Search code examples
javaalgorithmhashrabin-karp

Need help in understanding Rolling Hash computation in constant time for Rabin-Karp Implementation


I've been trying to implement Rabin-Karp algorithm in Java. I have hard time computing the rolling hash value in constant time. I've found one implementation at http://algs4.cs.princeton.edu/53substring/RabinKarp.java.html. Still I could not get how these two lines work.

txtHash = (txtHash + Q - RM*txt.charAt(i-M) % Q) % Q;
txtHash = (txtHash*R + txt.charAt(i)) % Q;  

I looked at couple of articles on modular arithmetic but no article could able to penetrate my thick skull.
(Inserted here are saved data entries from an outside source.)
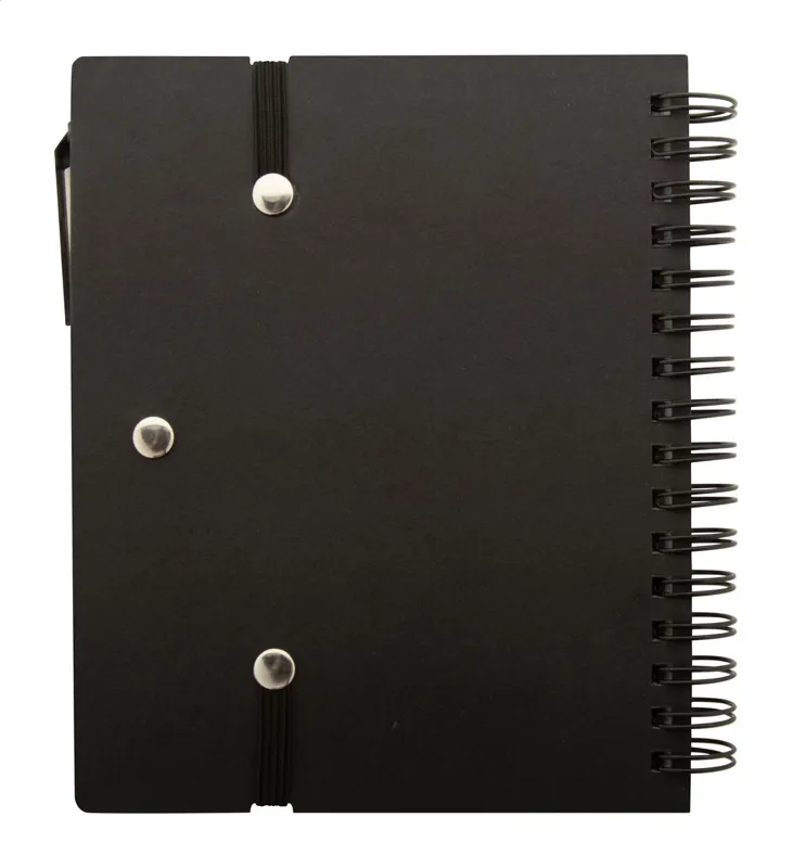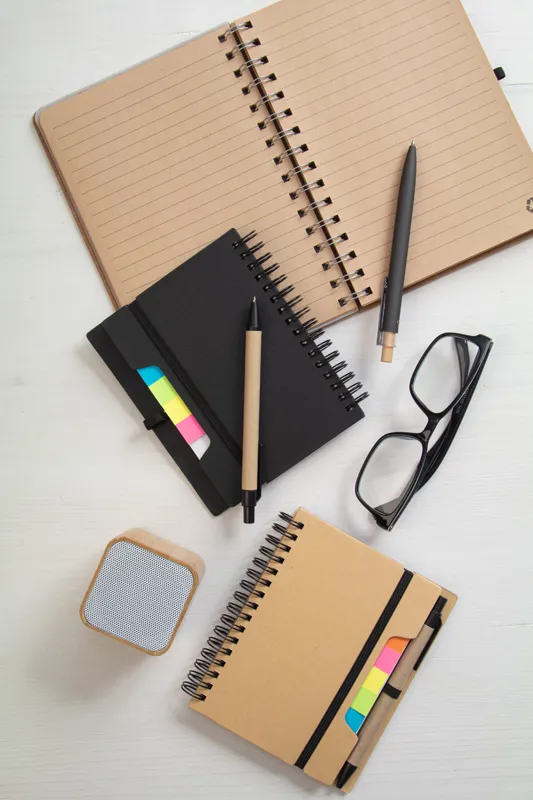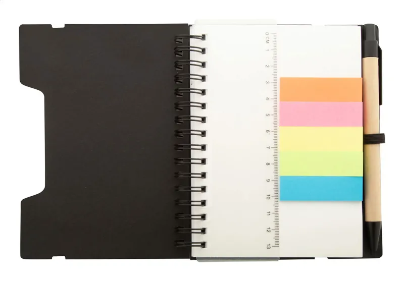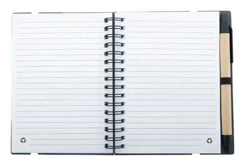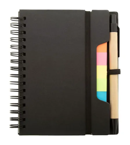 Újrahasznosított papírból készült spirálfüzet 70 vonalas lappal és 125 oldaljelölővel (5 különböző színben). Gumipánttal és tolltartóval. A6 méretű. Újrahasznosított papírból készült golyóstollal és kék tollbetéttel szállítjuk.
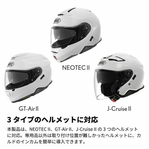本製品は、NEOTEC II、GT-Air II、J-Cruise IIの3つのヘルメットに対応。
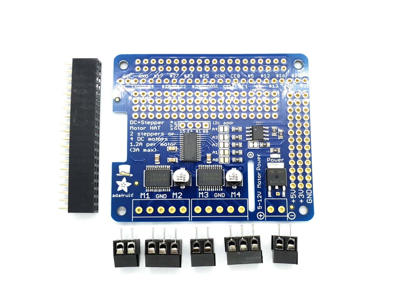 Raspberry Pi DC Stepper Motor HAT Mini Kit Adafruit Let your robotic dreams come true with the new DC+Stepper Motor HAT from Adafruit. This Raspberry Pi add-on is perfect for any motion project as it can drive up to 4 DC or 2 Stepper motors with full PWM speed control.
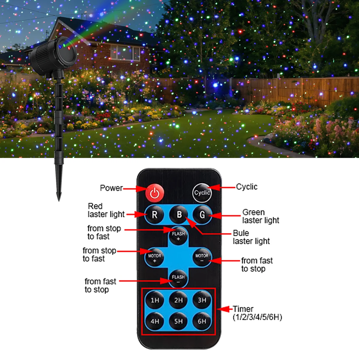 Facile et pratique à utiliser.Il peut changer la couleur de la lumière, le réglage du flash, la vitesse de rotation, la vitesse des étapes, le réglage statique et de la minuterie.La télécommande RF peut être utilisée librement dans un rayon de 10 mètres, ce qui est meilleur que l'infrarouge.
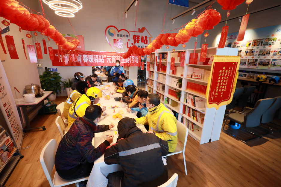 暖心驿站被中国结、红灯笼装扮的“年味儿”十足。桌子上,整整齐齐的摆着果盘、糖果、小礼物,等待着“小哥”们的到来。“小哥”们刚到驿站,大家便相互问好,不约而同地端起煮好的元宵,一同品尝。大家边吃边聊,还有“小哥”欢快地哼唱起了家乡歌曲,现场好不热闹。
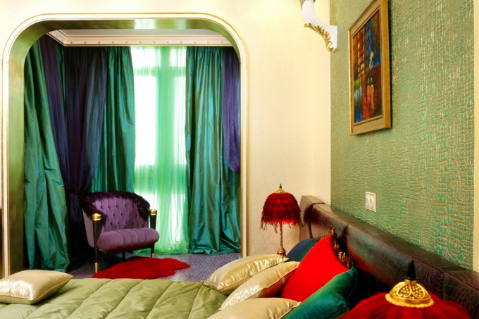 Уникальный дизайн будуаров в стиле гламур предполагает использование особых материалов: натуральной кожи, ценных пород дерева, дорогого текстиля и даже драгоценных камней. При оформлении интерьера стоит особое внимание уделить отделке пола, стен и потолка. Так, особую атмосферу создадут обои с бархатными узорами, потолок с глянцевым эффектом, «жидкий» пол, прочее. Цветовое решение будуара должно быть необычным и даже несколько вызывающим. Рекомендуется использовать яркие цвета, играть на контрастах, комбинировать оттенки.
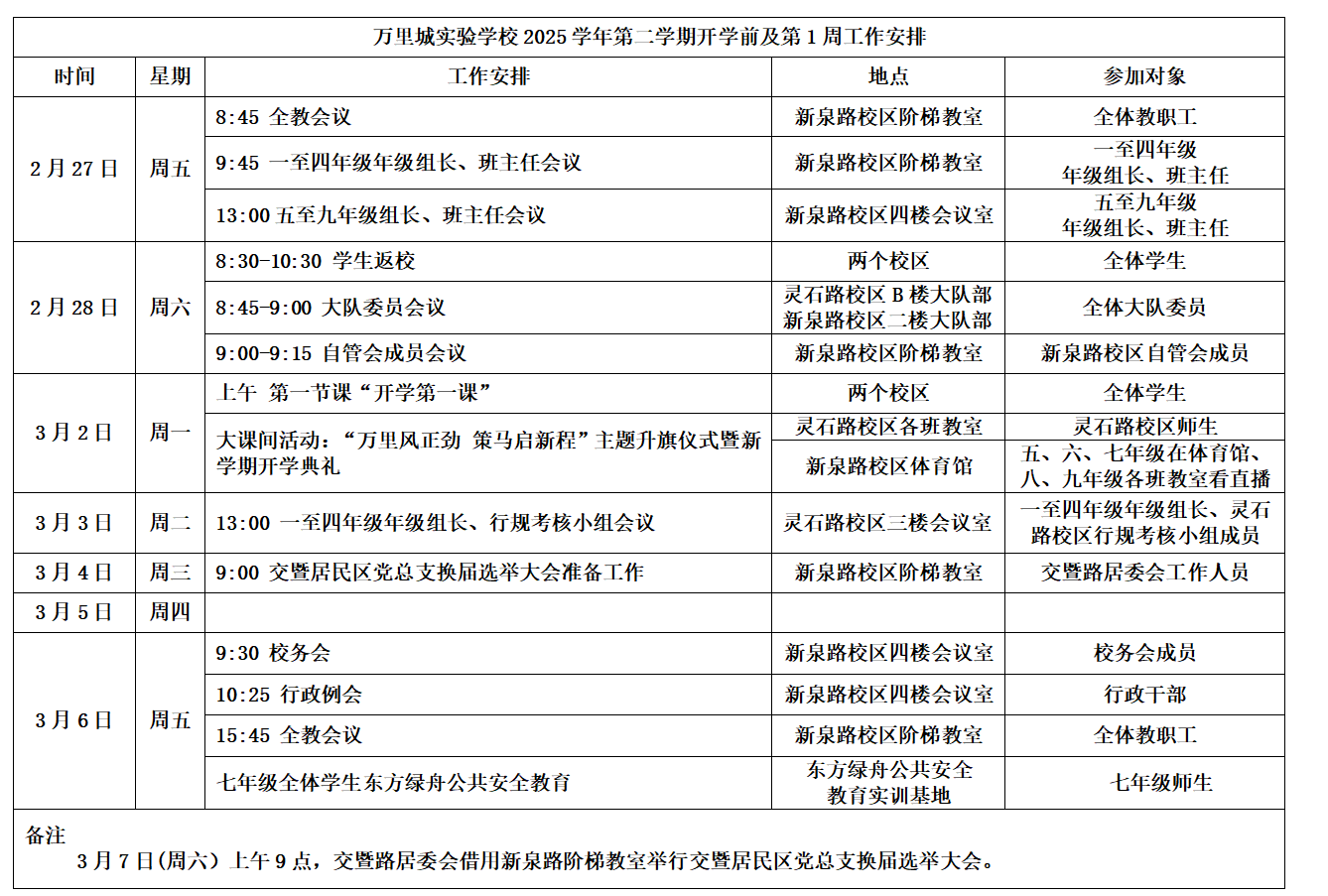 万里城实验学校2025学年第二学期开学前及第1周工作安排

Please give some pointers to understand this.


Solution

  • This is the "rolling" aspect of the hash. It's eliminating the contribution of the oldest character (txt.charAt(i-M)), and incorporating the contribution of the newest character(txt.charAt(i)).

    The hash function is defined as:

                M-1
    hash[i] = ( SUM { input[i-j] * R^j } ) % Q
                j=0
    

    (where I'm using ^ to denote "to the power of".)

    But this can be written as an efficient recursive implementation as:

    hash[i] = (txtHash*R - input[i-M]*(R^M) + input[i]) % Q
    

    Your reference code is doing this, but it's using various techniques to ensure that the result is always computed correctly (and efficiently).

    So, for instance, the + Q in the first expression has no mathematical effect, but it ensures that the result of the sum is always positive (if it goes negative, % Q doesn't have the desired effect). It's also breaking the calculation into stages, presumably to prevent numerical overflow.